Он нисколько не смутился:
— Любовь. Я только сейчас понял, что потратил жизнь на миф, который сам же и создал. Так что в какой-то мере я благодарен своей непутевой дочери за то, что она спуталась с Трохименко. Хотя и противно.
— А что же тогда вы искали в его кабинете?
Пургин уставился на меня:
— А вы разве не поняли?
— Нет
— Деньги.
— ?!
— Я его шантажировал.
Он сказал это так просто, что я поначалу даже и не нашлась, что ответить. Пургин, напротив, явно развеселился:
— А что вы так удивились? Я подсчитал, что Трохименко мне задолжал определенную сумму, при встрече пришлось потребовать.
— И сколько он вам платил?
— Стефания Андреевна, вы не перестаете меня удивлять. Задаете вопросы, на которые вряд ли получите ответы, — он прислушался к звукам в прихожей. — Наконец-то! Сейчас я вам представлю свою невесту.
Все произошло настолько быстро, что я даже не успела понять, в чем дело. Пургин приподнялся в кресле:
— Дорогая, у нас гости…
И рухнул. Во лбу краснело аккуратное отверстие.
— Я стреляю очень метко, не правда ли, Эфа?!
Я инстинктивно повернулась на голос, и голова раскололась на тысячи осколков. Стало темно и пусто.
***
Ученые доказали, что лучше всего женская красота сохраняется в холоде. Тепло разрешительно действует на наши клетки. Может быть поэтому, народы севера живут сравнительно недолго, но зато до самой смерти сохраняют внешнюю привлекательность. У южан иная история: внешне они стареют быстро, но зато могут попасть в книгу рекордов Гиннеса в разряде долголетия. Лично я жару не люблю, к холоду отношусь нейтрально: если в Петербурге восемь месяцев стоит зима, то, что толку стенать о лете. Но так холодно мне не было никогда. Поневоле я посочувствовала мамонтам, вынужденным жить в условиях вечной мерзлоты. Перед этим ледяным безмолвием отступала даже боль в виске. Я попыталась открыть глаза. Веки были свинцовыми. Поднимите мне веки! Ну, кто-нибудь, поднимите! В ответ тишина. Следует понимать, что здесь я нахожусь в полном одиночестве. Осталось только выяснить, где именно.
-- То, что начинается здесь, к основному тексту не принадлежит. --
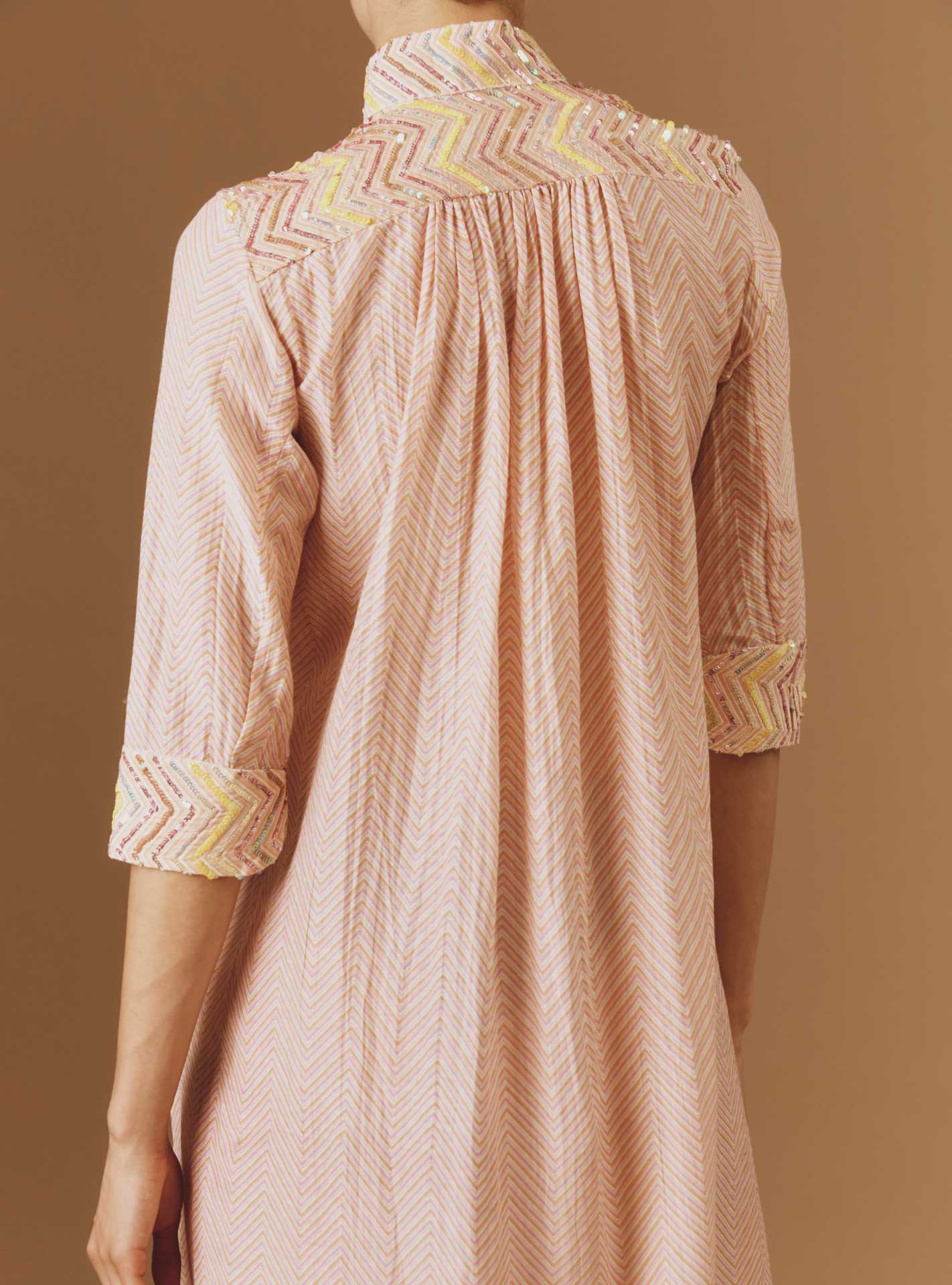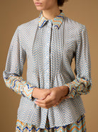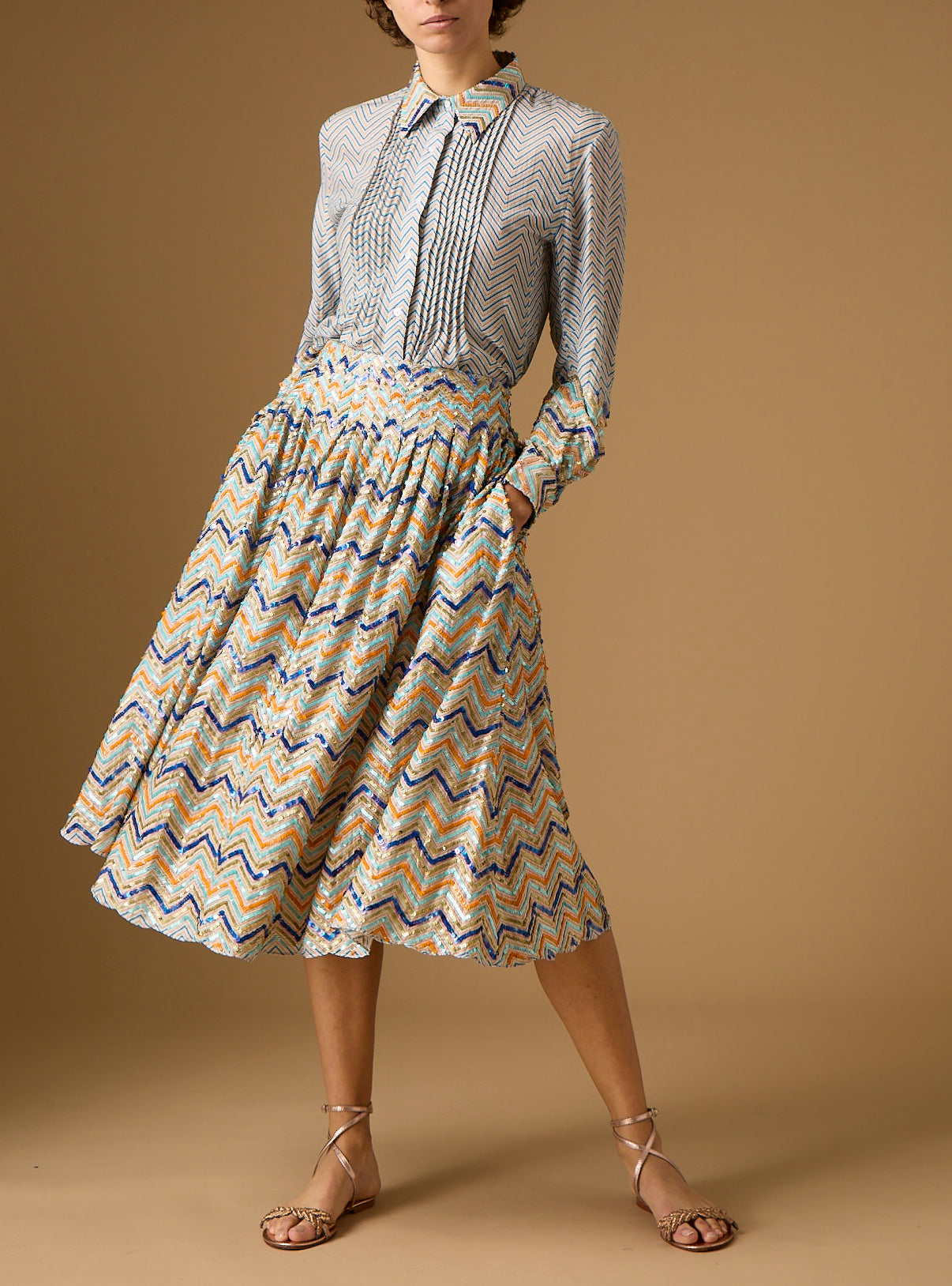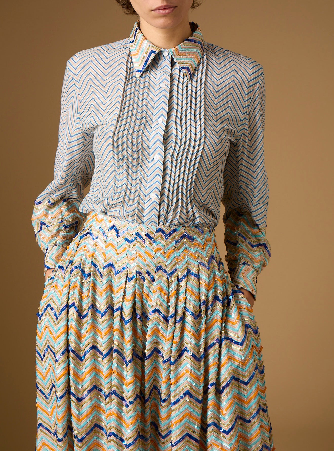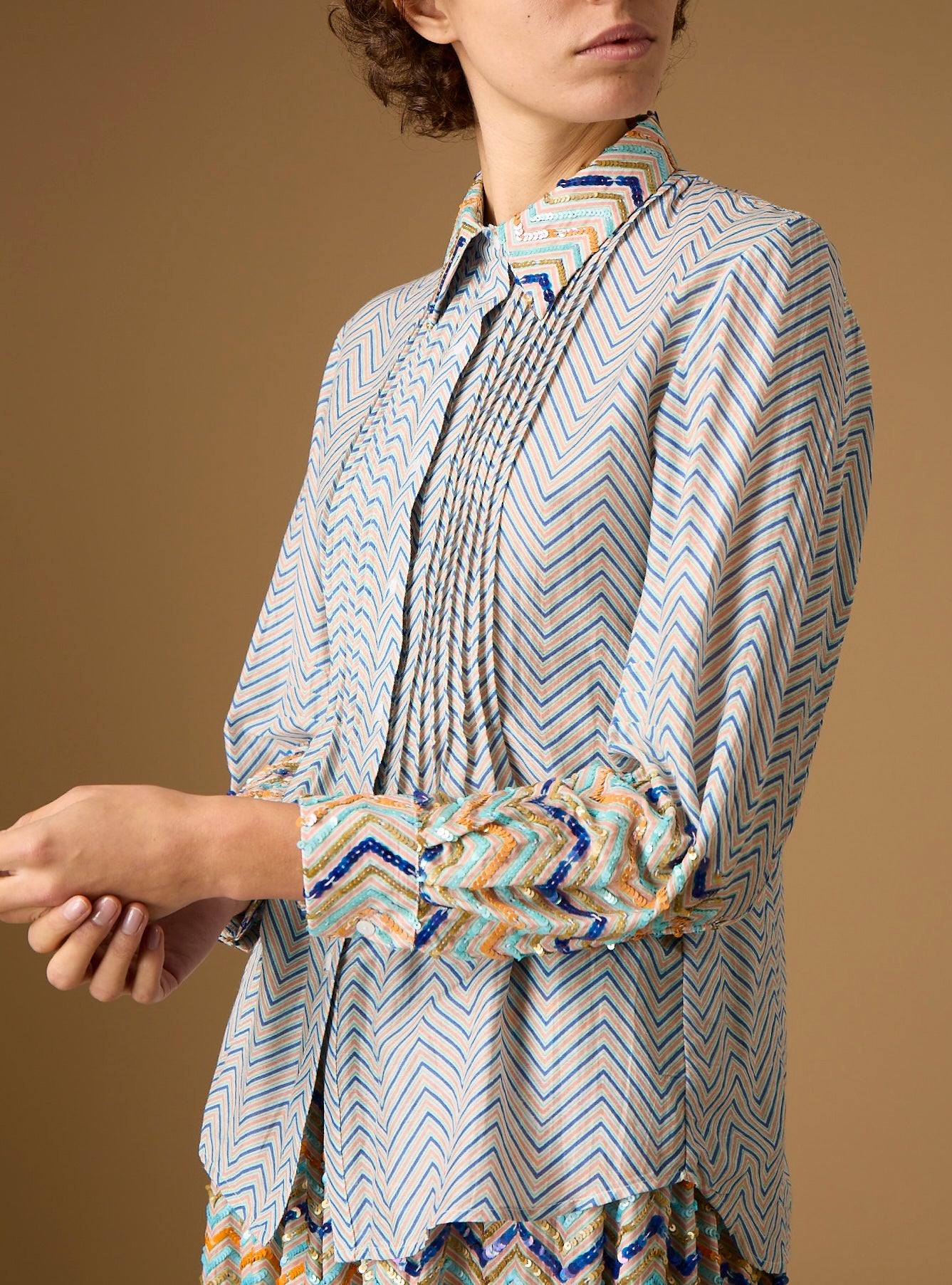 This kind of mens shirt revisited in a new embroidered version for summer 2023: yoke and cuffs are all hand-embroidered with sequins on cotton and silk, with a screen-printed zigzag pattern, evoking the cultures of the Silk Road.

На счет три поднимаем левый глаз. Раз! Два! Три! Замечательно! Гражданка Иванова, вы делаете успехи. Теперь на счет шесть поднимаем правый глаз. Четыре! Пять! Шесть! Молодец! Там, где я находилась, царил полумрак, в котором можно было с трудом разглядеть очертания предметов: каких-то длинных вытянутых столов. Я постаралась приподняться и обнаружила, что лежу на одном из таких столов абсолютно голая. Ну и дела! А куда делся тот симпатичный костюмчик, который я обновила нынешним утром? Кто меня раздел? И тут же забыла про этот вопрос, впав в состояние мыслительного анабиоза.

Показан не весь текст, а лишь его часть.